Thursday, June 30, 2005

Refuting Steinbeck

Ick, what a wasteland I created this month! Only 5 postings, some creativity!!?? But I shall not miss the tradition: a poem on the last day of the month.

Refuting Steinbeck’s Admonition

Most lives extend in a curve. There is a rise of ambition, a rounded peak of maturity, a gentle downward slope of disillusion and last a flattened grade of waiting for death.
John Steinbeck, The Pastures of Heaven


So this is it?
I dream, I wake, I doubt, I mope, and I die?
Wherein the faith
that my words and actions
mean hope to someone who walks behind?
Why do blue sky and green carpet warm my day,
why the cardinal chirp or the cat purr,
of what use are the smiles those bring to me?
All cannot rush grimly downhill after I wish for more.

Prufrock’s coachman can be a happy reaper,
not just the grim locksmith on a dark four score room --
I can leave more for him to read from my ledger.

Saturday, June 18, 2005

Misappropriating the Word

"We face a clear choice. We can decide that fighting over issues related to homosexuality is our most important task, and proceed down that road. Or we can keep the main thing the main thing, while agreeing to an honest and discerning dialogue over differing perspectives."

"This alternative can best keep our energy and resources focused on our call to God's mission. And it also can make all the room necessary for the ongoing dialogue and debate over the presence and participation of gay and lesbian people in our congregations.

"The Reformed Church in America has the opportunity to model a different way for a denomination to address the controversies in the church over gay and lesbian people.
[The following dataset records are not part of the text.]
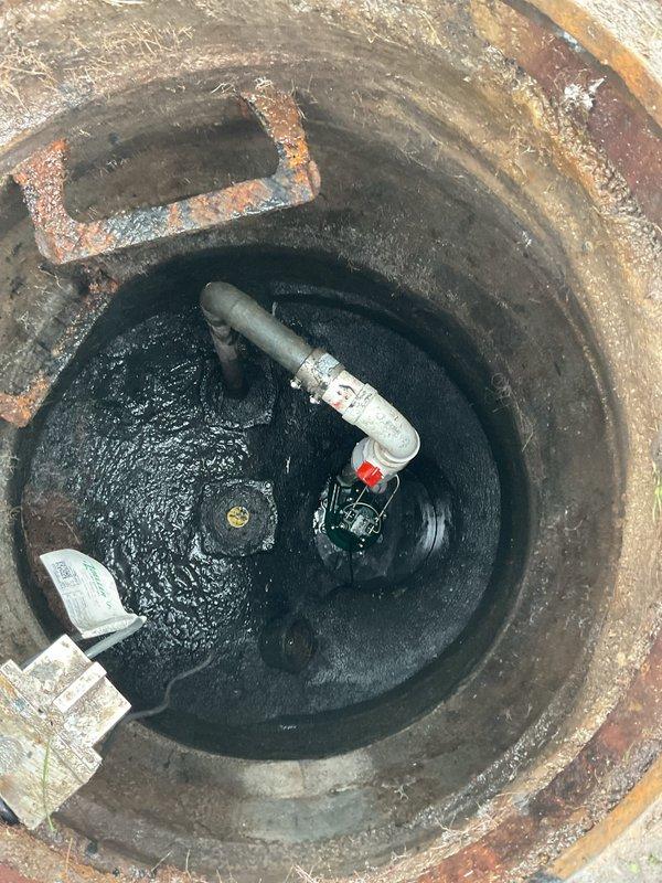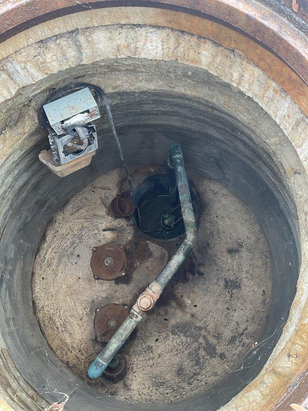 Performed annual flood control maintenance service on client's system. Inspected the concrete pit containing the pump assembly, check valve, and discharge piping. Observed moderate corrosion on metal components and standing water in the basin, but system remains functional. All components were tested and confirmed operational per manufacturer specifications.
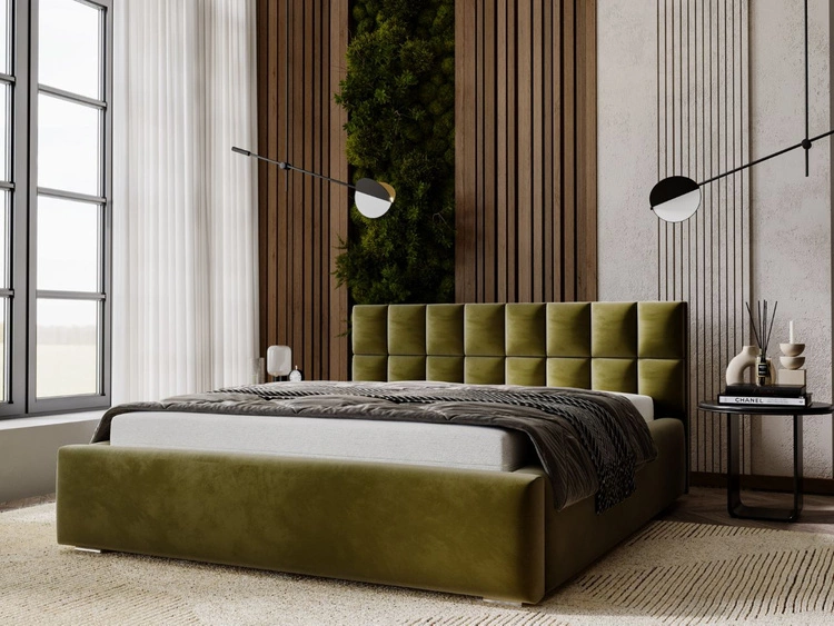 Łóżko tapicerowane z pojemnikiem i stelażem 200x200 Hugo Zielone
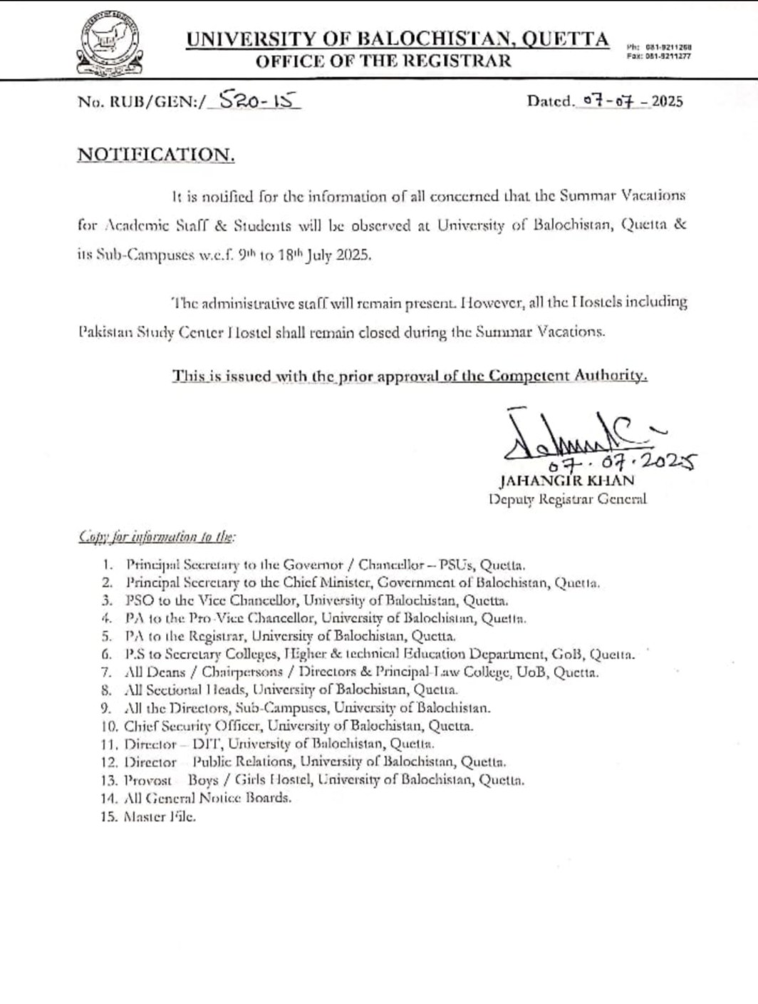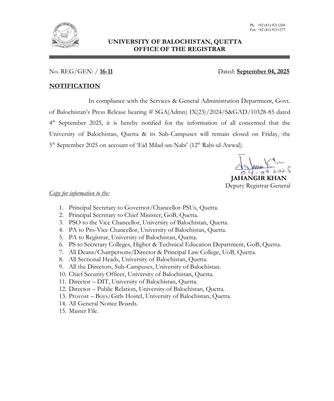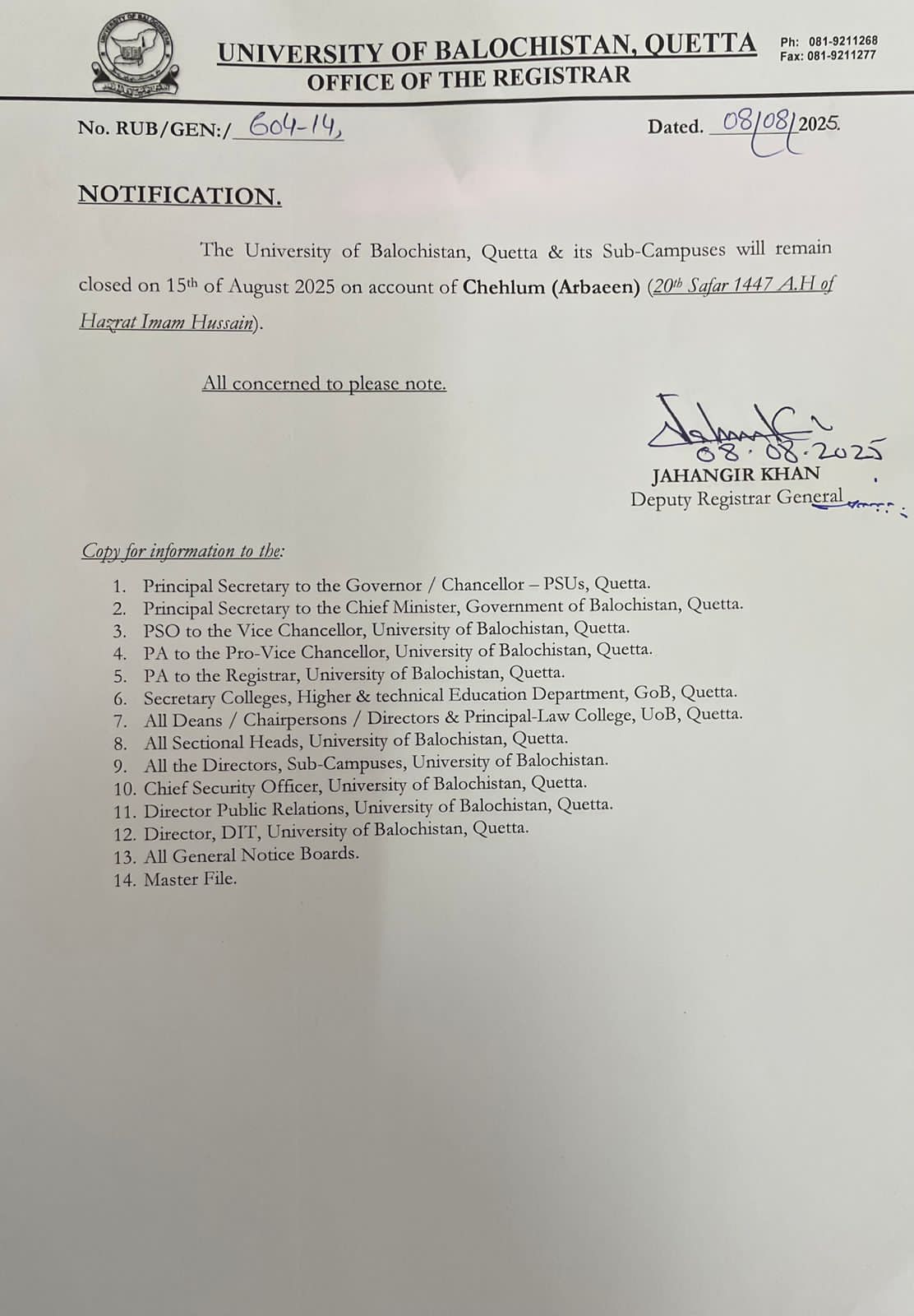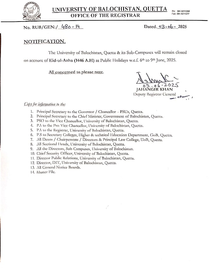 University of Balochistan Quetta & its Sub-Campuses will remain closed on account of

It would be a gift to ourselves and others in the body of Christ to do so."
RCA General Secretary Wesley Granberg-Michaelson
General Synod, June 17, 2005, Schenectady, NY

Yesterday, two American soldiers were killed in Iraq, bring the total American lives lost in that war to 1,718.
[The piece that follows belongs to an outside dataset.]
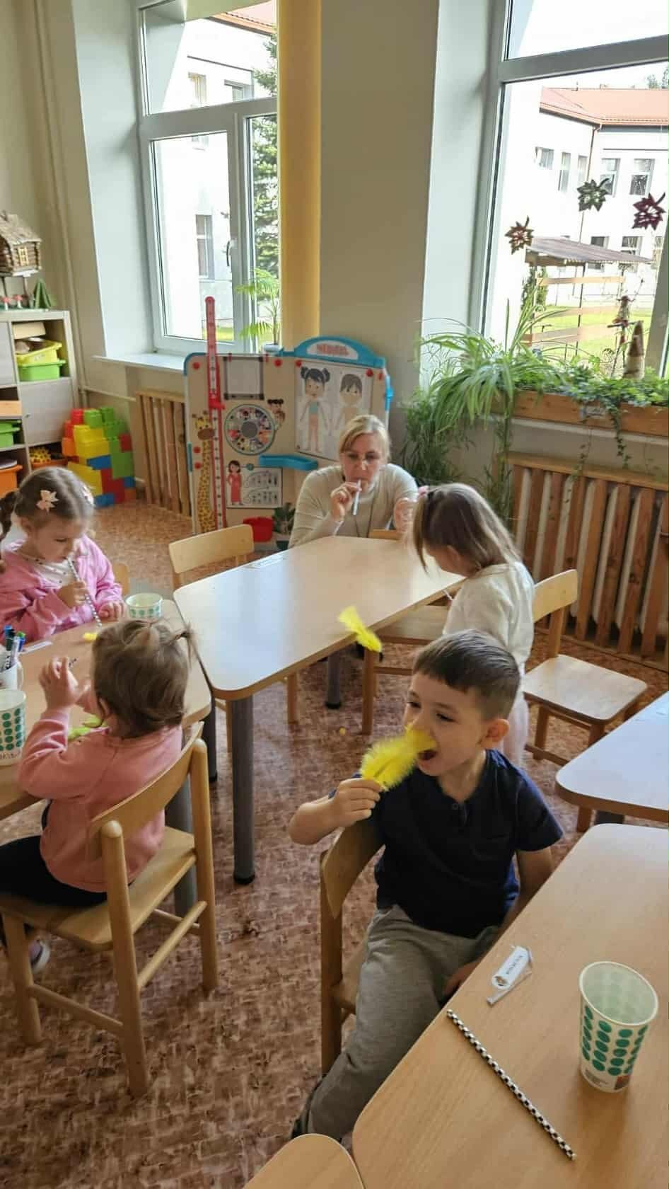 Podczas zajęć dzieci z zaangażowaniem wykonywały różnorodne ćwiczenia: dmuchały na piórka, wiatraczki i piłeczki, a także bawiły się kolorowymi „dmuchajkami”. Tego typu zabawy nie tylko rozwijają prawidłowe oddychanie, ale także pomagają w płynnym mówieniu i relaksacji.
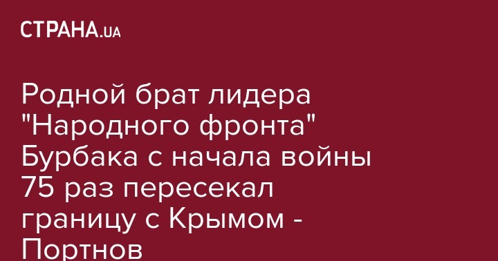 "Почти во все дни, когда на Донбассе гибли украинские солдаты, семья лидера фракции Народный Фронт Максима Бурбака беспрепятственно посещала оккупированный Крым. В течение пяти лет войны, родной брат Максима Бурбака и одноклассник Арсения Яценюка Алексей Бурбак более 75 раз пересекал границу с оккупированным Крымом", - заявил Портнов.

Meanwhile, the Reformed Church in America has stripped a pastor of his right to minister because he officiated at the wedding of his daughter to another woman in Massachussets.

The governing body of a Christian church spent nearly a full day trying Dr. Norman Kansfield, the former President of New Brunswick Seminary. His accusers alleged that his actions were ‘contrary to RCA beliefs, contradicted his ordination vows, and violated his promises made when installed into the office of professor of theology.’
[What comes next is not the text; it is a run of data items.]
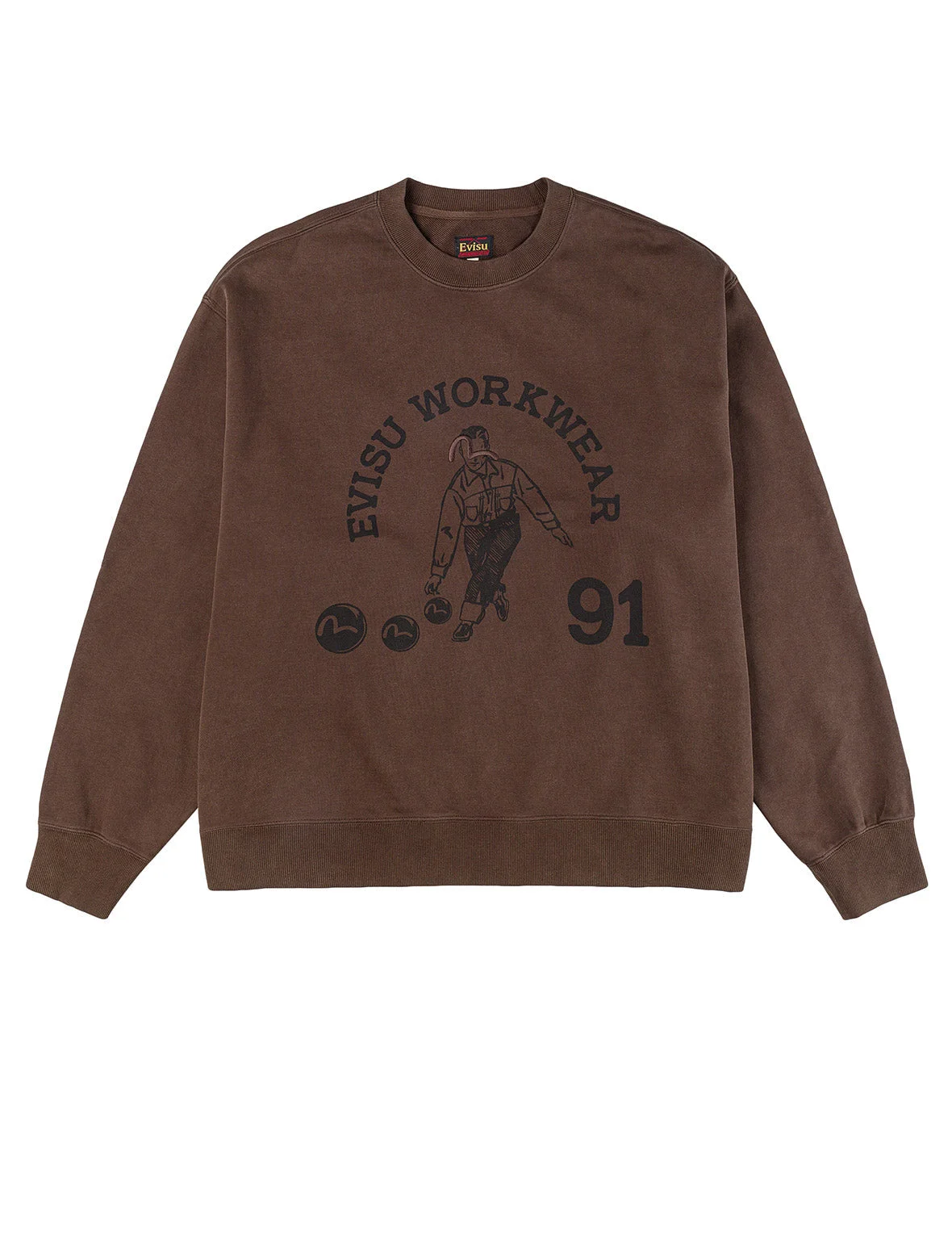 2EAEJM5SW6018RXFL This sweatshirt draws inspiration from vintage workwear in classic American culture, featuring EVISU's unique bowling print to showcase a distinctive fashion attitude. Whether paired with jeans or casual pants, it adds personality and charm to your look, making it an ideal choice for everyday wear. - Relax fit - 100% Cotton - Bowling workwear print - Seagull applique
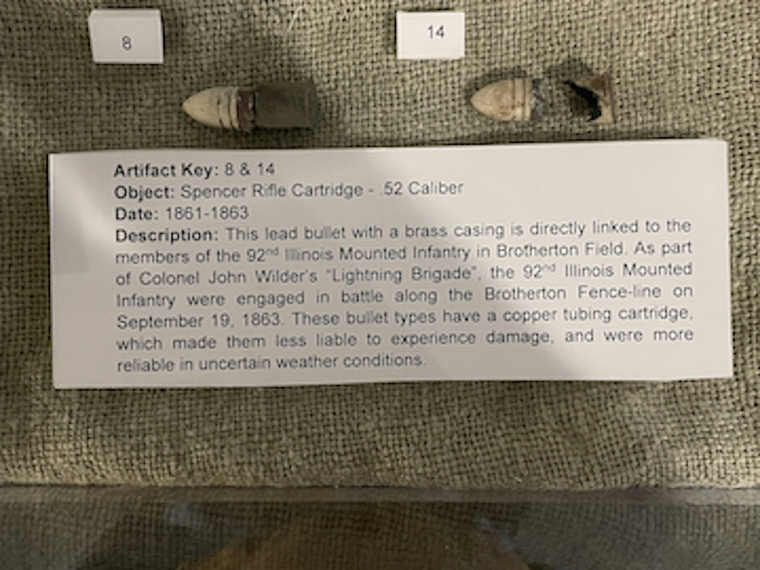 Each is on display in glass cases at the Chickamauga Battlefield Visitor Center in Fort Oglethorpe, Georgia. Each was uncovered on the battlefield by a student at the University of Tennessee at Chattanooga.
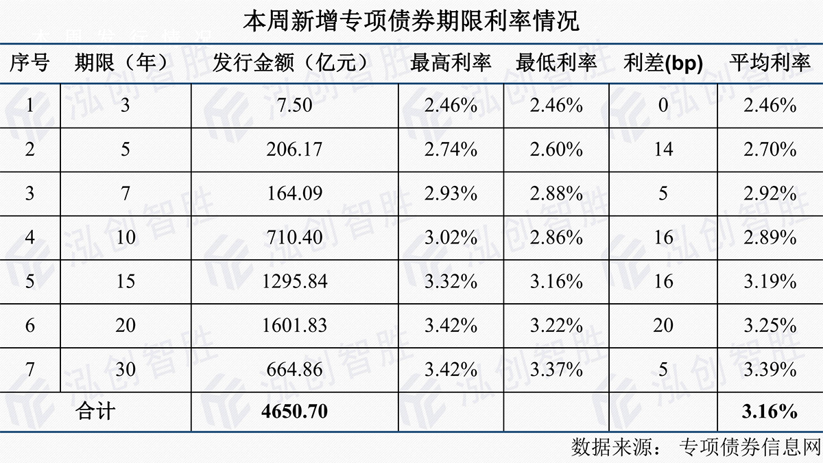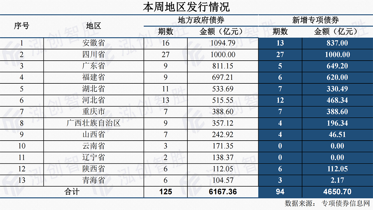 本周有13个地区(安徽、四川、广东、福建、湖北、河北、重庆、广西、山西、云南、辽宁、陕西、青海)发行125期地方政府债券,发行规模4650.70亿元。其中,新增专项债券共94期,发行规模4650.70亿元。

Meanwhile, America invaded a Muslim country, on phony premises, and thousands of people have lost their lives. How many people were harmed by the relationship between the two women who Dr. Kansfield married last summer?

The Synod should spend more hours praying and debating the Christian reaction to a questionable war, and the deeper issues of cultural and religious overtones inherent in this war.

What is it we fear? Why the hatred of individuals based upon their sexual orientation? Why the mistrust of individuals of Islamic faith? These are the more germaine questions for debate and discourse.

The RCA has now chastised and isolated one man, and tainted two women (both of whom attended the same Seminary), over a fear of homosexuality. They have raised sexual orientation above the importance of Christian faith, and condemned them for the former over the power and grace of the latter. A total misappropriation of God’s love, if there ever was one.

Sunday, June 12, 2005

In touch, out of touch

Communication means we are always connected electronically.

Erin is hours away in Atlanta, and yet we speak (Pam or I) almost daily.

Drew does not talk to his friends on the phone. He communicates with them on AIM, even while doing homework.

Nelson Corby finishes his work each night at 5PM in Niskayuna. When he returns at 8:30 the next morning, someone in Italy or India or China will have worked on the same project, and left the work for him to continue.

The world is flat. But in our own immediate neighborhood, people rarely get together. We barely know our neighbor’s names.

Electronic connections, physical distance. In many ways.

Sunday, June 05, 2005

More graduation comments, and the 9/11 shadow

On the graduation theme, an except from Anna Quindlen’s Newsweek column of 5/30/2005:

So the young men and women who began their college years in the shadow of September 11 graduate in its shadow as well. The intolerant, the monomaniacal, the zealots driven by religious certainty engineered the worst attack on American soil, and the result has been intolerance, monomania and zealotry driven by religious certainty. [Columbia University] President Bollinger cited the contempt of Oliver Wendell Holmes, Jr., the legendary Supreme Court justice, for the man who “knows that he knows.” If Holmes lived today, of course, he would be either lionized or demonized. And he would find, much to his sorrow, that America had been hijacked by those who cannot tell the difference between opponents and enemies, between disagreement and heresy, between discussion and destruction.

An entire generation will know exactly what the numerics 9/11 mean -- but we may each have a different perspective, a different context for that meaning. Another irony: the reverse numeric, 11/9, is the date that the Berlin Wall fell in 1989.